After the movie, Liz and Pete and I had a lively debate about who should have been cast as Sonny. Reuniting ONJ with John Travolta, we decided, would probably have been pretty amazing, but Xanadu might possibly have been about 400% even more improved if they’d had the foresight to cast Kevin Kline, who at the time was already a huge Broadway star but was only just starting to branch into Hollywood. Who can say what would have happened if his first movie musical had been Xanadu instead of Pirates of Penzance? Something MAGICAL, maybe.
Then again, it’s equally possible that even Kevin Kline couldn’t have rescued the mostly-hot mess that is Xanadu. We’ll never know, I guess.
All of that said, I do think Xanadu is worth watching if you’ve never seen it. Because like I said, it fails, but it fails interestingly. Not to mention, it possesses some of the most hilariously cockamamie early 80s craziness you have ever laid your eyes on, like the whole thing fell off the side of an airbrushed stoner’s van on the way to a Pink Floyd concert. (The linked video of the title track “Xanadu” above, by the way, apparently cuts out the completely random and utterly whacko segue halfway through the number into some kind of glam rock-slash-swing-slash-country… thing. Peter referred to it as “the most awesomely WTF sequence ever”, and I… can’t disagree with him, really.) It’s not that there’s no awesomeness there; it’s just that the various bits of awesomeness never managed to gel into a whole.
Liz, by contrast, has a rather better opinion of it than me, despite also not seeing it until as an adult, albeit over ten years ago. Her verdict is that it is “wonderfully ridiculous”, and a lot of fun if you’re willing to just go with it.
PETER: Even the bad acting can’t destroy how incredible the music was and the magical 80s-ness of it for me. I love it even though I realize it’s objectively not the greatest movie.
I do see why Xanadu became a cult fave. And I also really do wonder if I would have been more able to forgive its (glaring) flaws if I had, like Peter, seen it as a kid in the theater instead of, you know, less than a week ago. Nostalgia, as we’ve pretty conclusively demonstrated in this blog series, is a powerful thing.

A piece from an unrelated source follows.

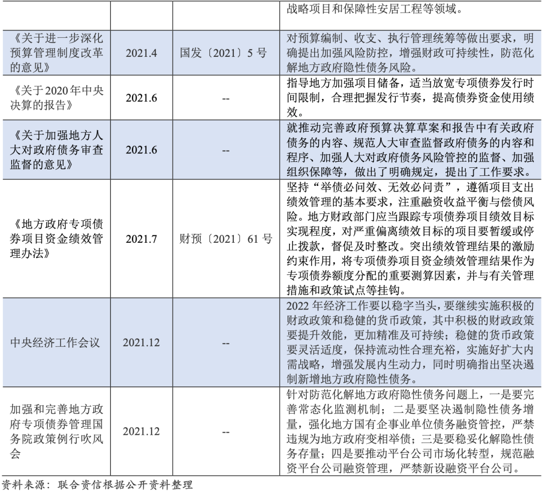 2008年全球金融危機(jī)爆發(fā),我國政府為進(jìn)一步擴(kuò)大內(nèi)需、促進(jìn)經(jīng)濟(jì)平穩(wěn)較快增長,安排了總規(guī)模達(dá)4萬億元的中央投資資金,投向主要為保障性住房、棚戶區(qū)改造、鐵路、公路、機(jī)場、水利、醫(yī)療衛(wèi)生、教育等基礎(chǔ)設(shè)施建設(shè)。基礎(chǔ)設(shè)施建設(shè)投資作為我國拉動內(nèi)需穩(wěn)定經(jīng)濟(jì)的重要途徑,城投企業(yè)在這當(dāng)中起到了重要作用,但大規(guī)模的投資計劃也使得城投企業(yè)所負(fù)擔(dān)的債務(wù)快速上升。2014-2018年間,我國針對地方政府和城投企業(yè)的相關(guān)政策監(jiān)管均較為嚴(yán)格,在防范化解地方政府債務(wù)風(fēng)險的同時也逐步規(guī)范了地方政府及地方國有企業(yè)的投融資行為。2019年,宏觀經(jīng)濟(jì)下行壓力加大,滬深交易所窗口指導(dǎo)放松了對城投公司的發(fā)債限制;2020年,新冠肺炎疫情全球化流行,我國在防范風(fēng)險的同時也推行了適當(dāng)?shù)臄U(kuò)張政策拉動內(nèi)需,穩(wěn)定經(jīng)濟(jì)增長,各項結(jié)構(gòu)性寬松的政策直接或間接地為城投企業(yè)提供了較好的再融資環(huán)境。2021年,各項政策對地方政府隱性債務(wù)的管控及債券資金的使用效率提出了新的要求,償債風(fēng)險及地方政府隱性債務(wù)風(fēng)險的防范化解工作持續(xù)實施。

And so, the MRGN Nostalgia Love to Reality Love 1-10 Scale of Awesomeness, divided by necessity!
Nostalgia: 2 (because I remember all the radio play the music got)
Reality: 4 (though I give the soundtrack a 7)
And now, I turn it over to you, O my Peeps! Did you see Xanadu back in the day? Did you love it then? Do you think you’d still love it now? Are you ever going to get “Magic” out of your head? Am I? Do we even want to? Tell me your thoughts!
And then, have a lovely two weeks, and come back for more! I can tell you now, the MRGN lineup for October is gonna be awesome. See you then!